Hey all. Just found this book that I am revisiting and thought this passage might be interesting for the martial artists to read about Mr. Fairbairn's contributions.

"...I met Major William E. Fairbairn....Fairbairn was an expert at Judo and Jujiutsu long before martial arts were much now in this country [USA during pre American direct invovlement in WWII]...

... In time, Fairbairn taught us all the martial arts- judo and karate, the most useful blows of Chinese Boxing, the high kicks of the French Savate, and many other tricks of gutter fighting picked up in the alleys of the Shanghai waterfront. Among the weapons he taught us to use were his own stilleto-type Sikes-Fairbairn knife, a jungle machete another weapon he called a smatchet...Fairbairn taught us how to get rid of an opponent using normal everyday items..."

Jerry Sage goes on to explain that Major Fairbairn taught instinctive shooting with a variety of weapons and developed a shoot house for the OSS operational training - something fairly new for the time (1942).

I have read summaries and fact/figure type info on Major Fairbairn but it is different reading it from a student/operators perspective who trained this way with the man and later actually gives accounts of really using this training and can compare what they learned to how it worked for him 'straight from the horses mouth' or at least in writing. Interestingly enough, even after years of looking back on this and other training (book was published in 1985, Miles Standish press), he really seems to feel that his training with Fairbairn and others was absolutely applicable/perfectly aligned to prepare him for the tasks he was asked to do on missions.

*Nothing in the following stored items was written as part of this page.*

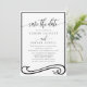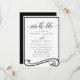 Anuncie seu casamento com estilo com este elegante cartão de 'save the date' preto e branco. Com uma fonte de letra clássica e um design moderno e limpo, este cartão é perfeito para definir o tom do seu grande dia. Personalize-o com seus nomes e detalhes do casamento para criar uma lembrança linda para seus convidados.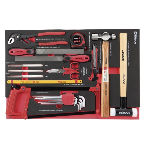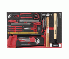 La bandeja combinable entera multiherramientas de 31 piezas está diseñada para organizar y tener a mano las herramientas esenciales en carros de taller.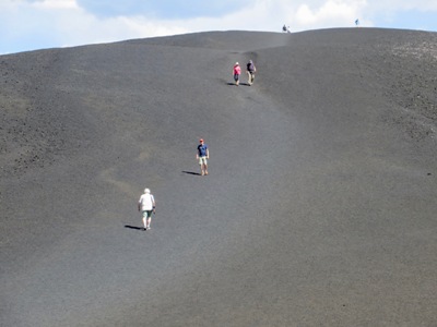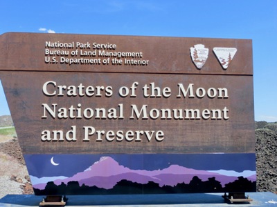 It re Eventually we came to the Craters of the Moon National Monument and went in. We spent a little time in the Visitor Centre looking at the exhibitions and watching a short film. Les took the opportunity to put on more sunscreen before we ventured back out. We drove around the Loop stopping to do the North Crater trail and Les walked up the Inferno Cone. At the top Les was alone apart from a young couple. He asked them to take his photograph to prove that he’d made it to the summit. They turned out to be two young Iranians living in Mississippi. Les walked all the way back down with them chatting. They were amused that Les found it so hot (93F) and he explained that this was virtually unknown in England. They did tell us that there had been an ISIS attack in Iran with over 20 people dead and they told us that they regarded the BBC World Service as the most reliable and accurate source of news. We would’ve done a couple more of the trails but when the sun was out it was just too punishingly hot for us so we finished the loop drive and drove the last 19 miles to Arco. The motel is very simple but clean and relatively cheap. There isn’t tea and coffee making in the room but we managed to ‘boil’ some water in the microwave in order to make a much needed cup of tea. Had our dinner in our room with the salads we’d bought this morning and treated ourselves to a beer each. After we’d downloaded photos and done most of the day’s diary Anne sat and read while Les watched some British TV via the iPad. When we went to bed we couldn’t keep the aircon on even though the room was very warm because the aircon was too noisy. We resorted to opening the window a little and slept reasonably well in the end |

I wonder how Major Fairbairn would be recieved in todays martial arts community given this kind of ecclectic background and the wide variety of weapons that he taught people to use along with the empty hand stuff.


----------



## loki09789

Looking back on this, I wonder if this should be moved to the Library.  How do I get that done, if any mods/admins think it is the right move?



			
				loki09789 said:
			
		

> Hey all. Just found this book that I am revisiting and thought this passage might be interesting for the martial artists to read about Mr. Fairbairn's contributions.
> 
> "...I met Major William E. Fairbairn....Fairbairn was an expert at Judo and Jujiutsu long before martial arts were much now in this country [USA during pre American direct invovlement in WWII]...
> 
> ... In time, Fairbairn taught us all the martial arts- judo and karate, the most useful blows of Chinese Boxing, the high kicks of the French Savate, and many other tricks of gutter fighting picked up in the alleys of the Shanghai waterfront. Among the weapons he taught us to use were his own stilleto-type Sikes-Fairbairn knife, a jungle machete another weapon he called a smatchet...Fairbairn taught us how to get rid of an opponent using normal everyday items..."
> 
> Jerry Sage goes on to explain that Major Fairbairn taught instinctive shooting with a variety of weapons and developed a shoot house for the OSS operational training - something fairly new for the time (1942).
> 
> I have read summaries and fact/figure type info on Major Fairbairn but it is different reading it from a student/operators perspective who trained this way with the man and later actually gives accounts of really using this training and can compare what they learned to how it worked for him 'straight from the horses mouth' or at least in writing. Interestingly enough, even after years of looking back on this and other training (book was published in 1985, Miles Standish press), he really seems to feel that his training with Fairbairn and others was absolutely applicable/perfectly aligned to prepare him for the tasks he was asked to do on missions.
> 
> I wonder how Major Fairbairn would be recieved in todays martial arts community given this kind of ecclectic background and the wide variety of weapons that he taught people to use along with the empty hand stuff.


----------



## arnisador

Hmmm, there's current discussion of W.E. Fairbairn and his service with teh Shanghia police elsewhere on this site. I didn't know that he taught savate!


----------